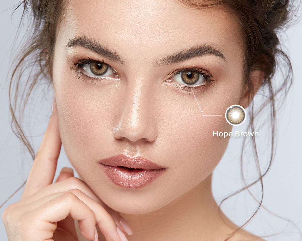 Within this trend, contact lenses are chosen for quiet enhancement. Subtle hazel, honey brown and light olive tones blend seamlessly into the iris, adding clarity and softness rather than visible contrast. Lenses with no harsh limbal ring and a natural iris size pair perfectly with clean eyeliner and lightweight lashes.
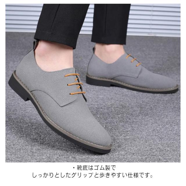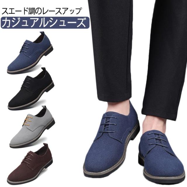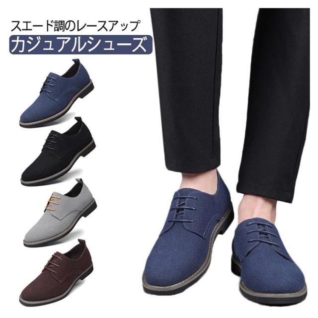レースアップ メンズ シューズ スエードシューズ 紳士靴 歩きやすい カジュアルシューズ 軽量 レースアップ ローカット スエード調 プレーントゥ スラックスに合う靴
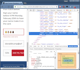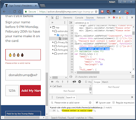 Okay, now we hit the submit button "Add My Name" in order to send this to his campaign. The only problem is, the web page rejects us, telling us "Please enter a valid name" (note, I'm changing font sizes in these screen shots so you can see the message):
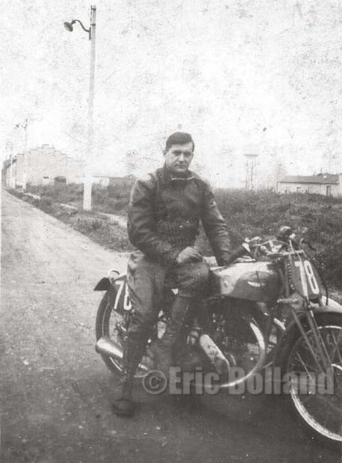 Raymond Bolland pose avec son attelage pour le grand prix de Lyon en 1937. La moto a encore sa livrée FIMA Styl'son.
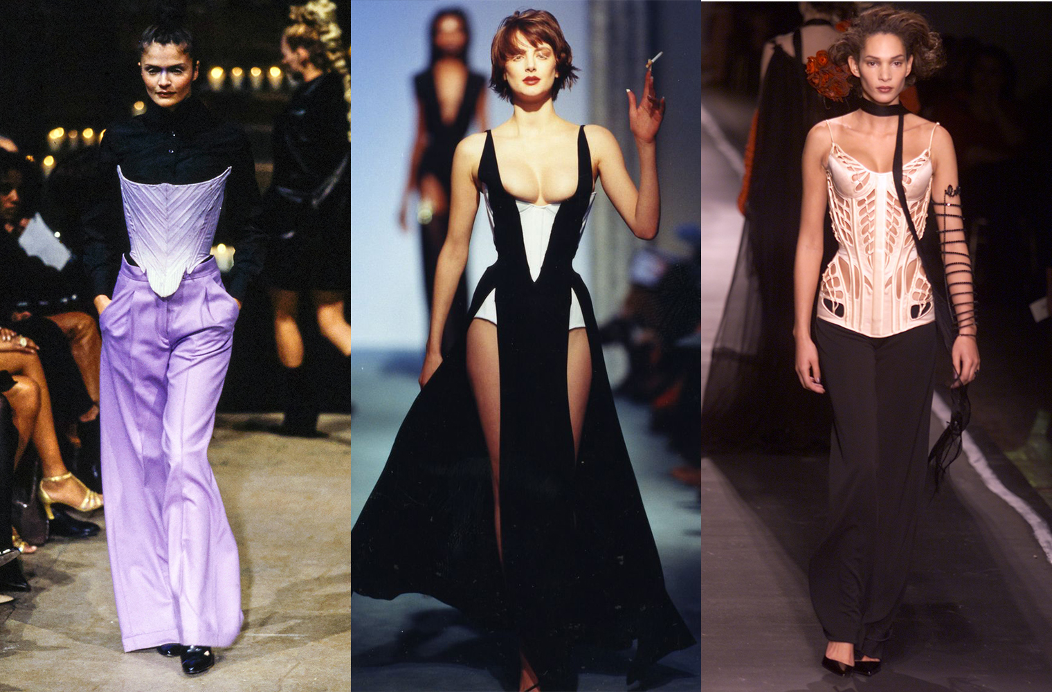 Слева направо: Alexander McQueen Fall/Winter Ready-to-Wear 1996, Thierry Mugler Spring/Summer Haute Couture 1998, Jean Paul Gaultier Spring/Summer Haute Couture 2001
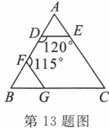 13.(湖南省中考改编)如图,在$\triangle ABC$中,若$DE// BC$,$FG// AC$,$\angle BDE = 120^{\circ}$,$\angle DFG = 115^{\circ}$,则$\angle C$的度数为
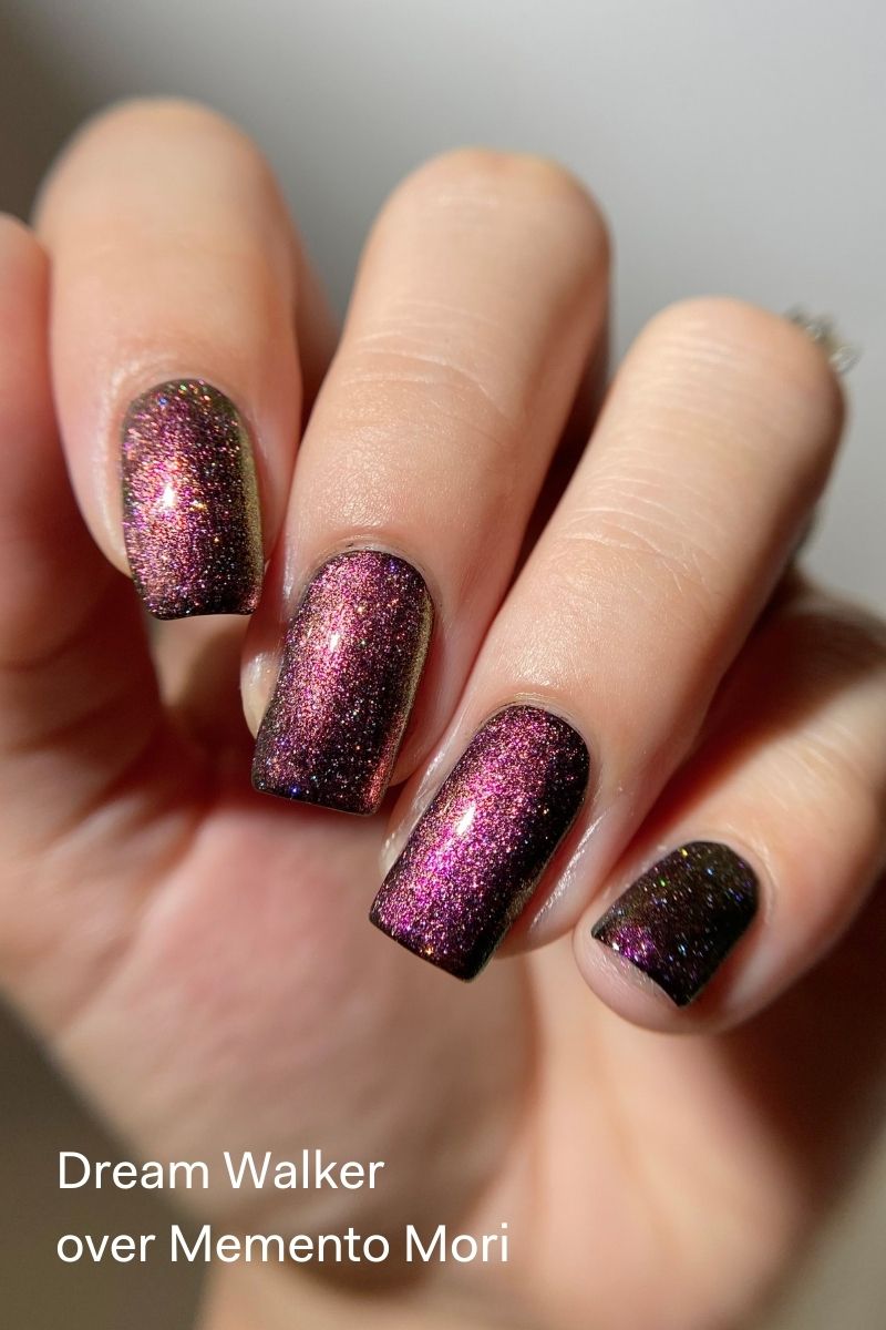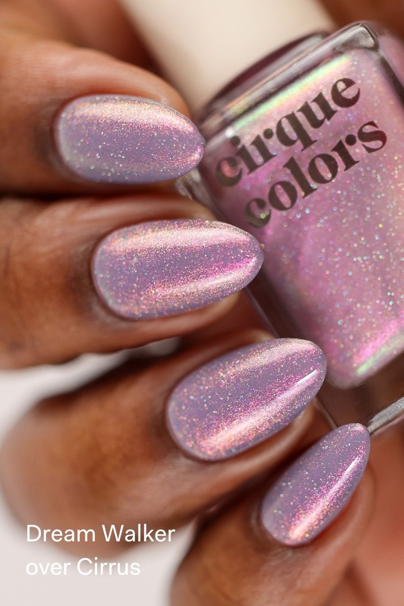 Dream Walker is a sheer purple-tinted nail polish topper with a fuchsia pink-gold-green color-shifting aurora shimmer and a delicate holographic sparkle. The lightweight, translucent formula makes it ideal for layering, soft washes of color, and ethereal nail looks.
##########
Where pictures appear, omit them, and transcribe exactly, with nothing else, the lines from the line with "Слева направо: Alexander" through the final line of the records above, both ends included.

 Слева направо: Alexander McQueen Fall/Winter Ready-to-Wear 1996, Thierry Mugler Spring/Summer Haute Couture 1998, Jean Paul Gaultier Spring/Summer Haute Couture 2001
 13.(湖南省中考改编)如图,在$\triangle ABC$中,若$DE// BC$,$FG// AC$,$\angle BDE = 120^{\circ}$,$\angle DFG = 115^{\circ}$,则$\angle C$的度数为
 Dream Walker is a sheer purple-tinted nail polish topper with a fuchsia pink-gold-green color-shifting aurora shimmer and a delicate holographic sparkle. The lightweight, translucent formula makes it ideal for layering, soft washes of color, and ethereal nail looks.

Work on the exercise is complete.